Italy mourns its quake dead
State funeral held for 35 of the 290 who died in tragedy
ASCOLI PICENO, ITALY // Italy observed a day of mourning yesterday as funerals were held for dozens of the 290 people who died in Wednesday’s earthquake.
President Sergio Mattarella and premier Matteo Renzi joined grieving families at a state funeral for 35 of the victims. Mourners wept among flower-bedecked coffins – of young and old – at a makeshift chapel in the Ascoli Piceno town community gym. Bishop Giovanni D’Ercole urged them to rebuild their communities.
“Don’t be afraid to cry out your suffering, but please do not lose courage,” he said.
“Together we will rebuild our houses and churches, together above all we will restore life to our communities, the village bells will ring once more.”
Hundreds of people gathered outside the gym in support.
“It is a great tragedy,” said resident Gina Razzetti. “There are no words to describe it. Each one of us has our pain inside. We are thinking about the families who lost relatives, who lost their homes, who lost everything.”
The magnitude 6.2 earthquake struck at 3.36am that day and was felt across central Italy, as far as Rome, 170 kilometres away.
The death toll has steadily risen as rescue workers continued to find bodies buried under rubble.
Nobody has been found alive in the ruins since Wednesday, and hopes have faded of finding more survivors.
There were at least 16 foreigners among the dead – 10 Romanians, three Britons and one each from Canada, El Salvador and Spain.
Sixteen Romanians remained unaccounted for.
Emergency services believed they accounted for everyone in the outlying hamlets to the north of Amatrice – some of which were so badly damaged there were doubts they would be inhabited again.
It was the town of Amatrice that bore the brunt of destruction with 230 fatalities. Eleven died in nearby Accumoli and 49 in Arquata del Toronto.
Yesterday’s mass funeral involved most of the dead from Arquata del Tronto, 25 kilometres to the south- west of Ascoli Piceno.
Other funerals took place on Friday, with the majority to come.
One of the coffins yesterday was for nine- year- old Giulia Rinaldo, who used her body to shield her younger sister, Giorgia, from harm.
Giorgia, whose fourth birthday was yesterday, was one of the last to be pulled alive from the rubble. She was recovering in a hospital next door to the gym where the funerals took place. Bishop D’Ercole recounted how Giorgia was found in her sister’s arms.
“The older sister, Giulia, was spread over the smaller one, they were in an embrace,” he said.
“Life and death came face to face and for Giorgia, life won.”
A note, apparently left by one of the rescue workers on her coffin read: “Ciao, little one. Sorry that we got there too late.”

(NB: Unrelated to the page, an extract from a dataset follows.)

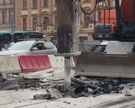 В Петербурге стартовал ремонт трамвайных путей на пересечении Невского и Литейного проспектов – видео
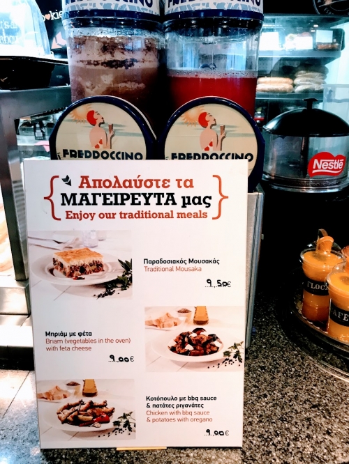 エーゲ海を運行するフェリーには大抵、小さなカフェが船内にあります。目的の島についてから、観光の予定が詰まっている人や、Santorini Portで食事の時間が取れなかった人は、ここでお腹を満たしておくのもいいですね。

Many of the victims were either elderly or very young, like 18-month-old Marisol Piermarini.
The town was full of children visiting grandparents for the last of the summer holidays.

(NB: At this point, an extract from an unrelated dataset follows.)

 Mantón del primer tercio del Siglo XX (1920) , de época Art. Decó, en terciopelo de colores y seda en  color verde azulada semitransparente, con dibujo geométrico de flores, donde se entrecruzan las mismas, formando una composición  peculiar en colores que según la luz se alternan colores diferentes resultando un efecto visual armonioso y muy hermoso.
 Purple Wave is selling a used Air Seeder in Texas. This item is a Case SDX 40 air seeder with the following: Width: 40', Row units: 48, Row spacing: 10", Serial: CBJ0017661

“The melancholy grips your heart, you feel a sense of weakness, of depression,” said Fiore Ciotto, a resident of Ascoli Piceno.
“Something like this weakens you physically and mentally.”
With emotions raw, some fam- ilies chose not to take up the offer of state funerals.
“Why attend? To listen to politicians? They always say the same thing – that they stand with us and that it must never happen again, always the same thing,” said one woman after identifying the body of a relative in Amatrice.
The night before the funeral brought more fear with a series of aftershocks.
The strongest, at 4.50am, had a magnitude of 4.2, according to the United States Geological Survey, while the Italian geophysics institute measured it at 4.0.
The Italian institute and other authorities said satellite images showed that the earthquake caused the ground below Accumoli to sink 20 centimetres.
About 400 people were still in hospital, some with life-threatening injuries.
Many of those left homeless spent their nights in tents. The government has pledged to support immediate reconstruction.
Mr Renzi has declared a state of emergency for the regions affected, releasing an initial €50 million ( Dh205.6m) in emergency aid.
The total rebuilding operation is forecast to cost more than €1 billion.